YOUR GOAL: Each line from the one containing "3/ Khách thể" to the end of the entries below is to be set down exactly; the pictures are not.

[[ RECORDS PROVIDED, beginning ]]

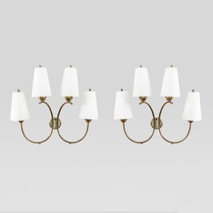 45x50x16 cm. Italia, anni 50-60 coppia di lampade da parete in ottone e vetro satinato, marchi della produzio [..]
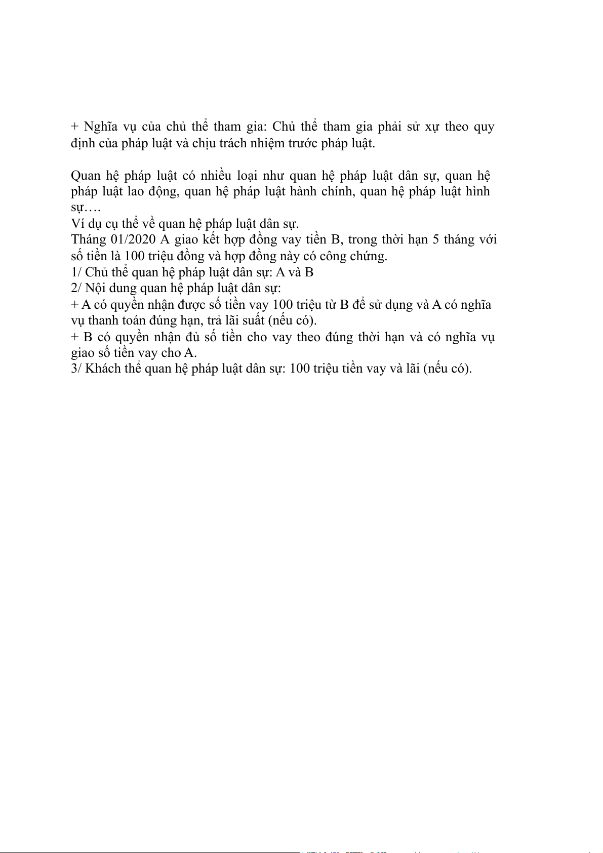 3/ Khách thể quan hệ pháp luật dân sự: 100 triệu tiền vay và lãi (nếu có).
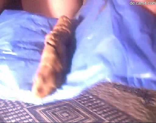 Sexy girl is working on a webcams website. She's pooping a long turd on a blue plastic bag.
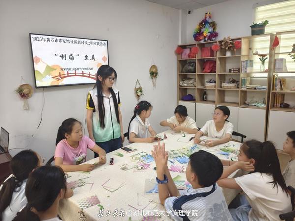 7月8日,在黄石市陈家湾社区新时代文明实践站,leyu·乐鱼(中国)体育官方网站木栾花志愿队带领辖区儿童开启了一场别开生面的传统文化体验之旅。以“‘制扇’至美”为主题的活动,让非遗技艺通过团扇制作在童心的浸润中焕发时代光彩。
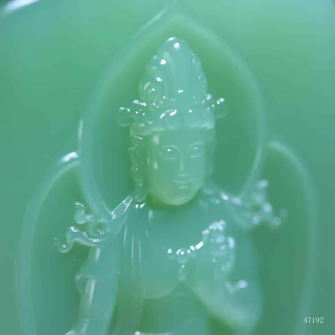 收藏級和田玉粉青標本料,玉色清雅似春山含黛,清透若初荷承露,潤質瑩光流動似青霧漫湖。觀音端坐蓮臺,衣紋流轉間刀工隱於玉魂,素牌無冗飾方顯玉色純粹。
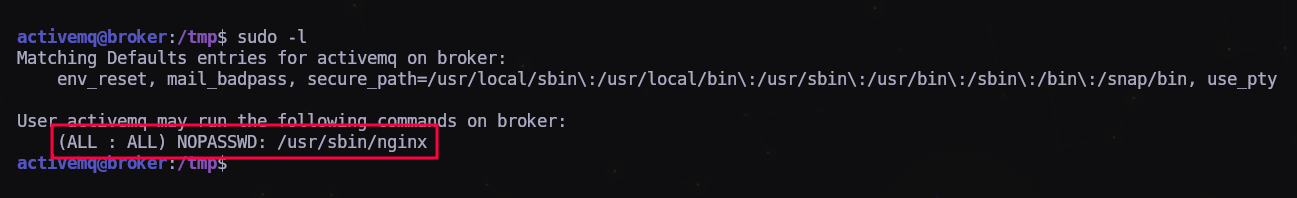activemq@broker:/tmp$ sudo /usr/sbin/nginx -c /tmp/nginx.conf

[[ RECORDS PROVIDED, end ]]

ANSWER FOR THIS EXERCISE:
 3/ Khách thể quan hệ pháp luật dân sự: 100 triệu tiền vay và lãi (nếu có).
 Sexy girl is working on a webcams website. She's pooping a long turd on a blue plastic bag.
 7月8日,在黄石市陈家湾社区新时代文明实践站,leyu·乐鱼(中国)体育官方网站木栾花志愿队带领辖区儿童开启了一场别开生面的传统文化体验之旅。以“‘制扇’至美”为主题的活动,让非遗技艺通过团扇制作在童心的浸润中焕发时代光彩。
 收藏級和田玉粉青標本料,玉色清雅似春山含黛,清透若初荷承露,潤質瑩光流動似青霧漫湖。觀音端坐蓮臺,衣紋流轉間刀工隱於玉魂,素牌無冗飾方顯玉色純粹。
activemq@broker:/tmp$ sudo /usr/sbin/nginx -c /tmp/nginx.conf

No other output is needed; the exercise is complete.